De acordo com o Metrô-SP, o uso dessa tecnologia será feito para o apoio na operação das linhas, permitindo a identificação e rastreamento de objetos suspeitos, além da detecção de invasão de áreas, como pessoas que entram na via. Além dessas, outras situações que colocam o passageiro em risco, bem como no auxílio na busca por pessoas desaparecidas também estão no escopo do sistema. Assim, o uso para fins de segurança pública será feito pela identificação de situações e não de dados e características pessoais, cabendo esse recurso às autoridades policiais, após a celebração de convênio específico para esta finalidade.
Entre as discussões que ainda não parecem claras à Samantha é, por exemplo, por quanto tempo os dados ficarão armazenados. “Eles trouxeram uma explicação de que os dados ficariam 30 dias. Esse é um outro ponto: todos esses dados coletados ficarão para sempre? A lei não permite essa guarda eterna. Teria que informar de forma bem ampla para ter uma ciência de que está sendo coletado.”

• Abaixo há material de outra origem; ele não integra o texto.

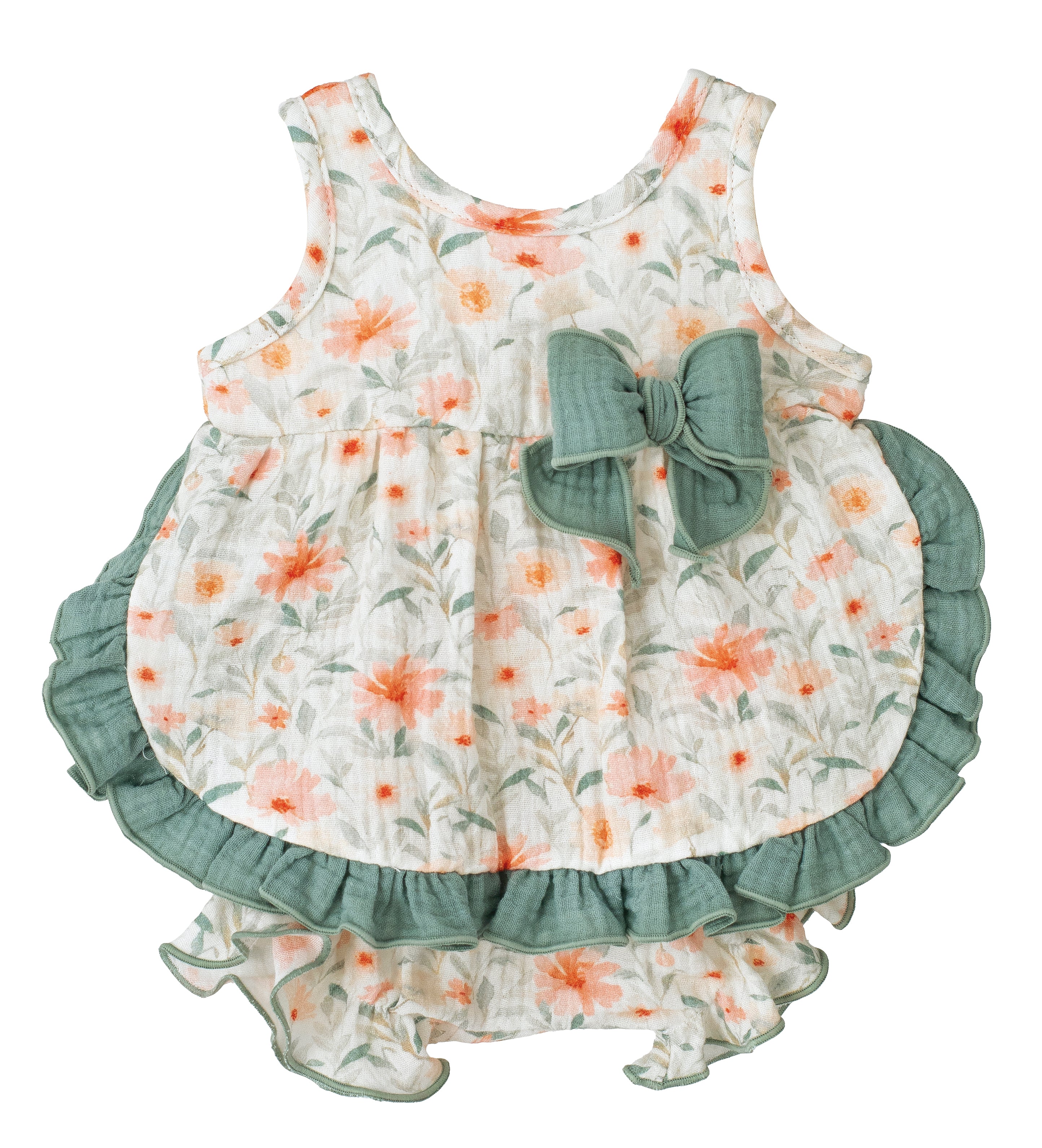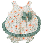 Realizzato in morbido cotone, questo abito smanicato CALAMARO 22078 è perfetto per le neonate. La culotte fantasia floreale multicolor, con i dettagli verde fiocchetto sul corpetto, dona un tocco vivace e allegro. Ideale per i giorni caldi, questo abito ti permetterà di vestire la tua bambina con comfort e stile.

O que também não foi esclarecido pelo Metrô-SP, segundo Samantha, é se realmente os dados ficariam armazenados em um banco de dados internacional. Para a LGPD, dados sensíveis devem estar no Brasil. “Essa é uma discussão que foi trazida dentro do processo em andamento e é uma pauta ainda não esclarecida por parte do Metrô. Estamos trabalhando em uma liminar e esse é um questionamento dos órgãos do consumidor. O que foi dito é que os dados ficariam no próprio sistema contratado.”
Segundo o Metrô-SP, o compromisso da nova gestão é aumentar a segurança dos passageiros e a adoção do sistema vai auxiliar neste objetivo. Também será possível aperfeiçoar a operação e, com isso, melhorar o serviço prestado. Além de ampliar as zonas monitoradas das estações, as câmeras estarão integradas a uma central com recursos de inteligência artificial que podem gerar alertas em situações que impactem a circulação dos trens ou que possam atrapalhar a viagem dos passageiros.
Os alertas podem ser feitos em casos de crianças desacompanhadas ou objetos suspeitos deixados nas estações. Há também a intenção de formalização de um convênio com a Prefeitura para a integração de banco de dados para a busca por pessoas desaparecidas. O sistema poderá também ajudar na identificação de animais perdidos e até mesmo na contagem de pessoas, para auxiliar a estratégia de operação.